Information provided
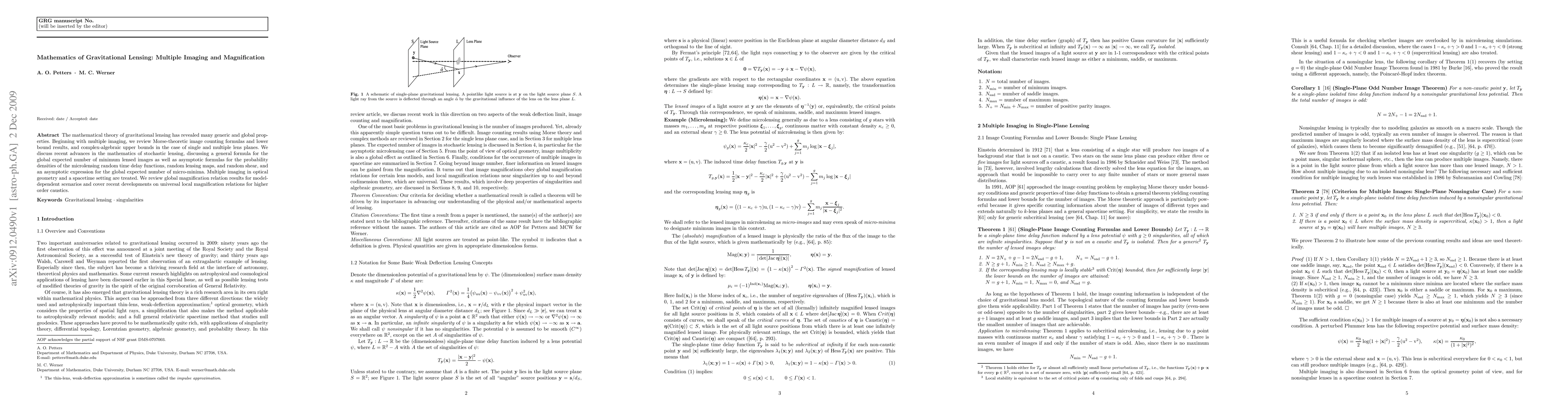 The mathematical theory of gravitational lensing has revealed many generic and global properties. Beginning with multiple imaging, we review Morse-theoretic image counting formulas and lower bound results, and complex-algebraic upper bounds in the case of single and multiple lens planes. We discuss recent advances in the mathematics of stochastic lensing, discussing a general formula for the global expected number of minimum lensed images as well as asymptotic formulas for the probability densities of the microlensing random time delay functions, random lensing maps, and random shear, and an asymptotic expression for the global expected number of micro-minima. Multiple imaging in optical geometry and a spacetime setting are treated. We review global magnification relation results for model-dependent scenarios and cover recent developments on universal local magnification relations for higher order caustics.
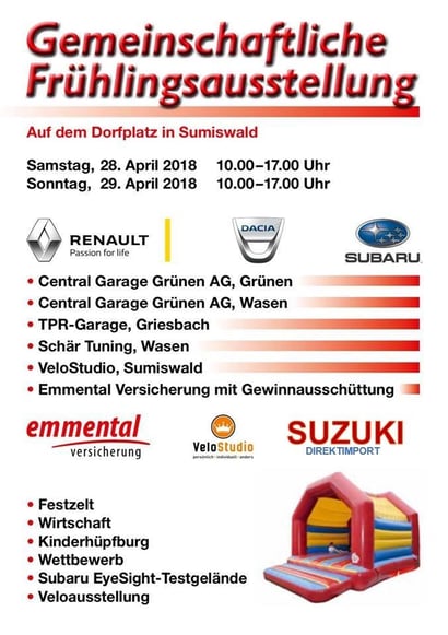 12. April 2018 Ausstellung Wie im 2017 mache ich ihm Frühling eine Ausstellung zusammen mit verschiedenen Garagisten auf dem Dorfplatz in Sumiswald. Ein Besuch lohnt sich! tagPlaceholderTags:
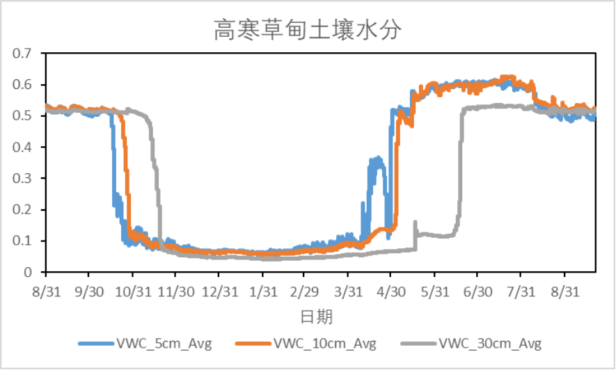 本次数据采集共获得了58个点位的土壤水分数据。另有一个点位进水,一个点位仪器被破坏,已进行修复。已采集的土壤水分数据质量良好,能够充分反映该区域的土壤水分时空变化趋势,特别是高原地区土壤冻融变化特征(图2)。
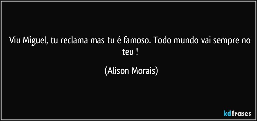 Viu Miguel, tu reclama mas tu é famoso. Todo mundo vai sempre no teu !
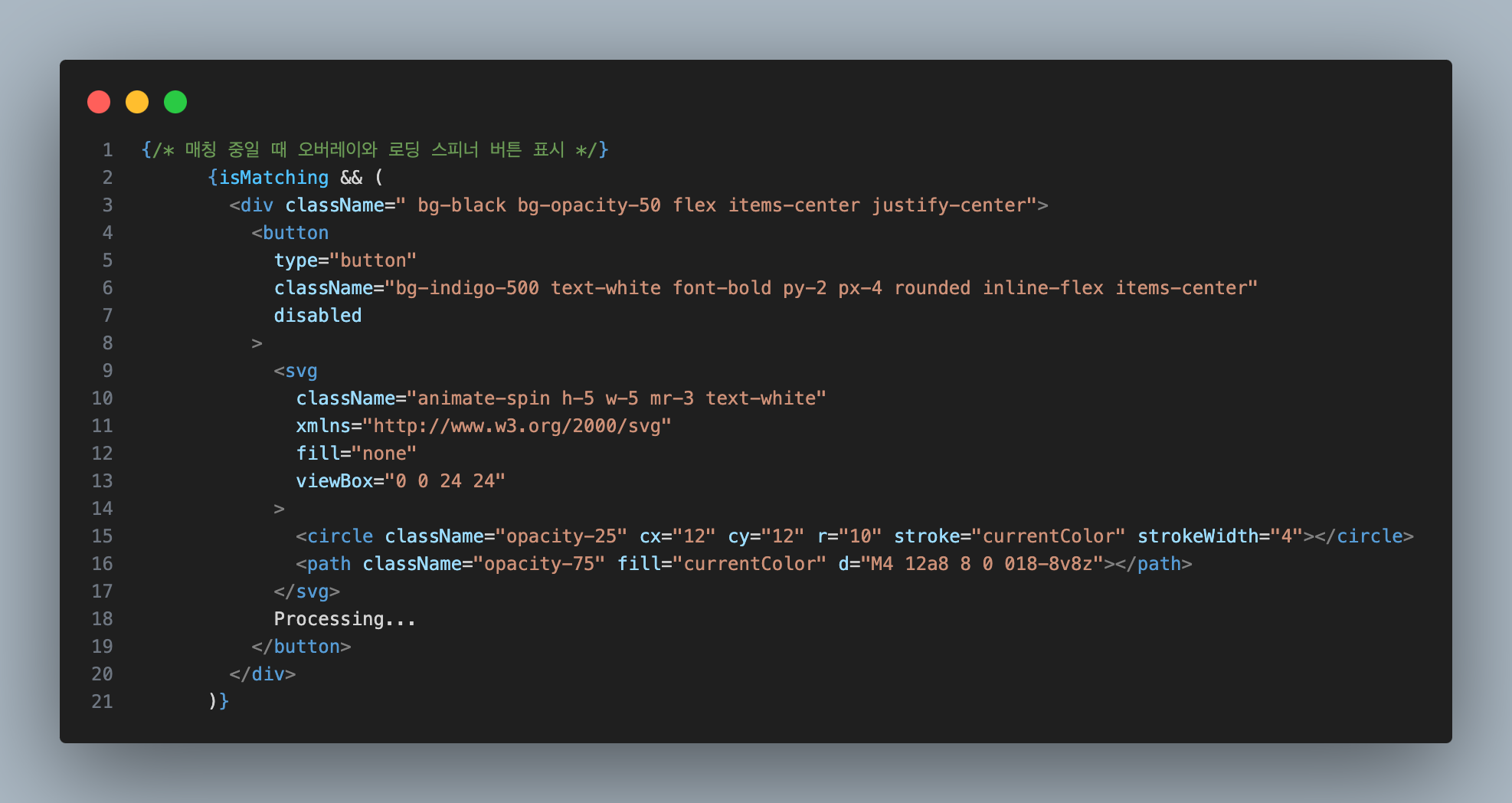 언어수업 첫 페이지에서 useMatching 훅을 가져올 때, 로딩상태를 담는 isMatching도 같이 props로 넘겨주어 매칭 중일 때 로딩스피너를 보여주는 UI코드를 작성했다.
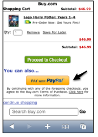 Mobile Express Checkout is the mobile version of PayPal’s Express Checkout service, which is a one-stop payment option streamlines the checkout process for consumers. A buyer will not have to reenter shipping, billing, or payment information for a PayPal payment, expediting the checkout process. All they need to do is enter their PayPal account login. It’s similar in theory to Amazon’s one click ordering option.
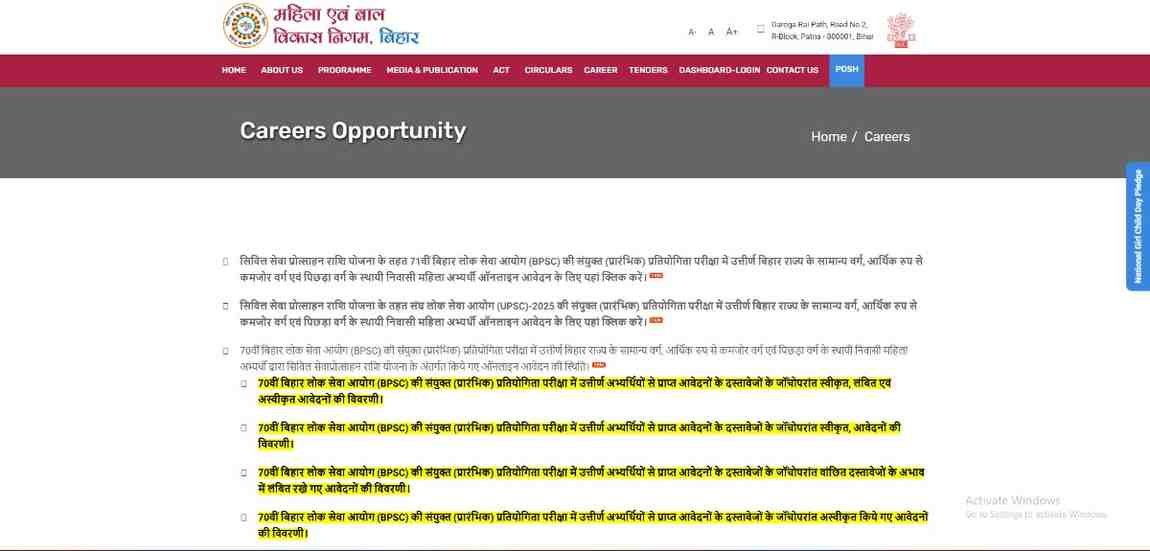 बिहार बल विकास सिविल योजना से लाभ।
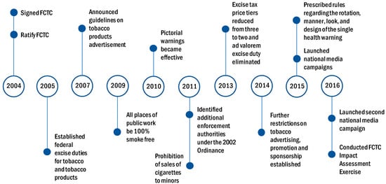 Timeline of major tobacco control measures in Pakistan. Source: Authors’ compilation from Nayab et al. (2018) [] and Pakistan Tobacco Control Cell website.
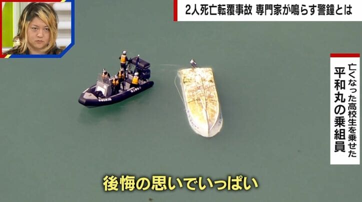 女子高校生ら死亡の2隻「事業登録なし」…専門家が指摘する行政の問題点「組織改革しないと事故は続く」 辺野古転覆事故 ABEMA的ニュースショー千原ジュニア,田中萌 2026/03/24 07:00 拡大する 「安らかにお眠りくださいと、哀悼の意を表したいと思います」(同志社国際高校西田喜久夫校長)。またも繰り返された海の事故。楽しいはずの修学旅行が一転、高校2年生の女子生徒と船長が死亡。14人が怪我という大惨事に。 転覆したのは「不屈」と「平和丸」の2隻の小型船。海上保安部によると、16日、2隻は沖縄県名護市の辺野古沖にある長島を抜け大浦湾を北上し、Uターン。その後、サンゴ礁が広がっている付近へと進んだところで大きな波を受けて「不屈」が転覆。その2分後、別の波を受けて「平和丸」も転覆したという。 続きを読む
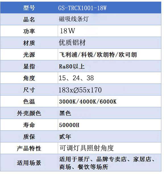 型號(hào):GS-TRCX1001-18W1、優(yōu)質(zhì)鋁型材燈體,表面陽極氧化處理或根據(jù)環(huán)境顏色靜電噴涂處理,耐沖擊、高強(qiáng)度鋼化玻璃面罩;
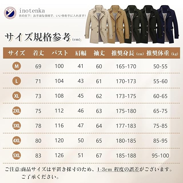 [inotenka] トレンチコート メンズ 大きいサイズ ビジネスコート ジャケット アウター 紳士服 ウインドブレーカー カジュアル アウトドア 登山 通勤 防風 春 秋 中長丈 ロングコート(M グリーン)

...

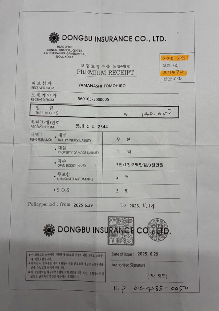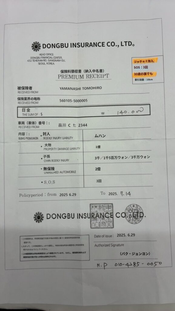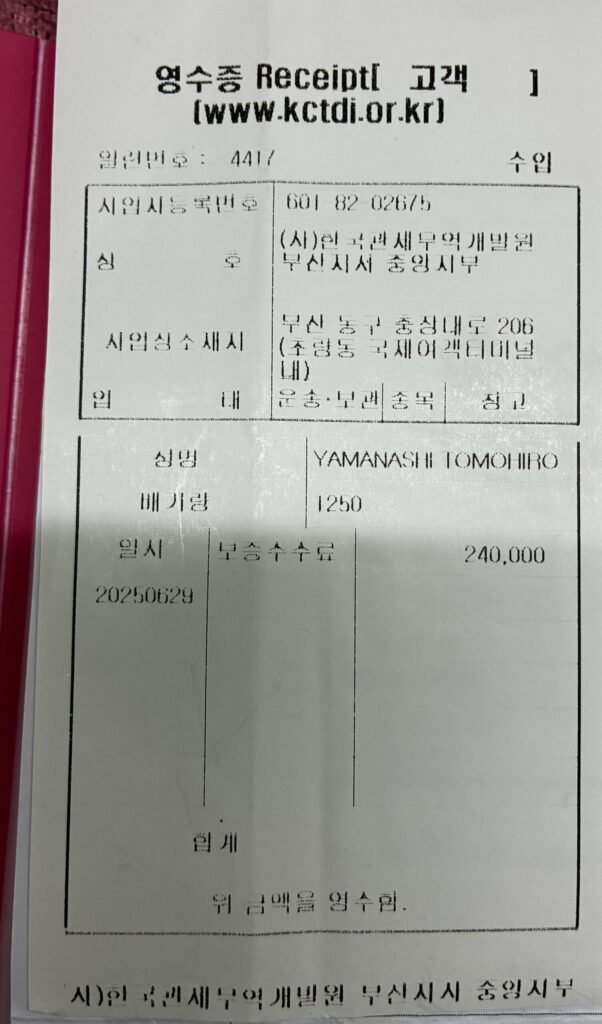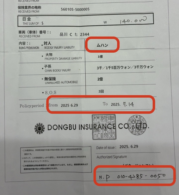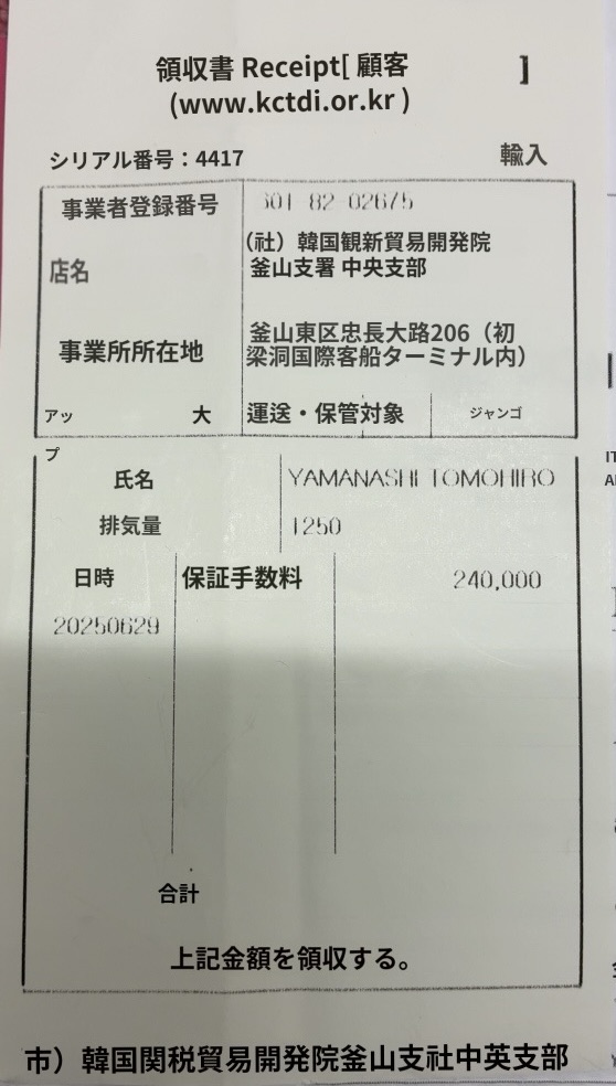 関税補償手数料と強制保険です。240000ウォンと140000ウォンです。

---

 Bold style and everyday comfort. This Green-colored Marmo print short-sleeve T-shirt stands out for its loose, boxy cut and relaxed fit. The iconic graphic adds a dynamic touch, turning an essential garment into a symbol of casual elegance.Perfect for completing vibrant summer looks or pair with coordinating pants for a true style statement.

Exercise brief
Please print the lines above word for word, starting at the one with "Viu Miguel, tu" and ending at the one with "[inotenka] トレンチコート メンズ", both included, and without any picture.

Solution for this task
 Viu Miguel, tu reclama mas tu é famoso. Todo mundo vai sempre no teu !
 언어수업 첫 페이지에서 useMatching 훅을 가져올 때, 로딩상태를 담는 isMatching도 같이 props로 넘겨주어 매칭 중일 때 로딩스피너를 보여주는 UI코드를 작성했다.
 Mobile Express Checkout is the mobile version of PayPal’s Express Checkout service, which is a one-stop payment option streamlines the checkout process for consumers. A buyer will not have to reenter shipping, billing, or payment information for a PayPal payment, expediting the checkout process. All they need to do is enter their PayPal account login. It’s similar in theory to Amazon’s one click ordering option.
 बिहार बल विकास सिविल योजना से लाभ।
 Timeline of major tobacco control measures in Pakistan. Source: Authors’ compilation from Nayab et al. (2018) [] and Pakistan Tobacco Control Cell website.
 女子高校生ら死亡の2隻「事業登録なし」…専門家が指摘する行政の問題点「組織改革しないと事故は続く」 辺野古転覆事故 ABEMA的ニュースショー千原ジュニア,田中萌 2026/03/24 07:00 拡大する 「安らかにお眠りくださいと、哀悼の意を表したいと思います」(同志社国際高校西田喜久夫校長)。またも繰り返された海の事故。楽しいはずの修学旅行が一転、高校2年生の女子生徒と船長が死亡。14人が怪我という大惨事に。 転覆したのは「不屈」と「平和丸」の2隻の小型船。海上保安部によると、16日、2隻は沖縄県名護市の辺野古沖にある長島を抜け大浦湾を北上し、Uターン。その後、サンゴ礁が広がっている付近へと進んだところで大きな波を受けて「不屈」が転覆。その2分後、別の波を受けて「平和丸」も転覆したという。 続きを読む
 型號(hào):GS-TRCX1001-18W1、優(yōu)質(zhì)鋁型材燈體,表面陽極氧化處理或根據(jù)環(huán)境顏色靜電噴涂處理,耐沖擊、高強(qiáng)度鋼化玻璃面罩;
 [inotenka] トレンチコート メンズ 大きいサイズ ビジネスコート ジャケット アウター 紳士服 ウインドブレーカー カジュアル アウトドア 登山 通勤 防風 春 秋 中長丈 ロングコート(M グリーン)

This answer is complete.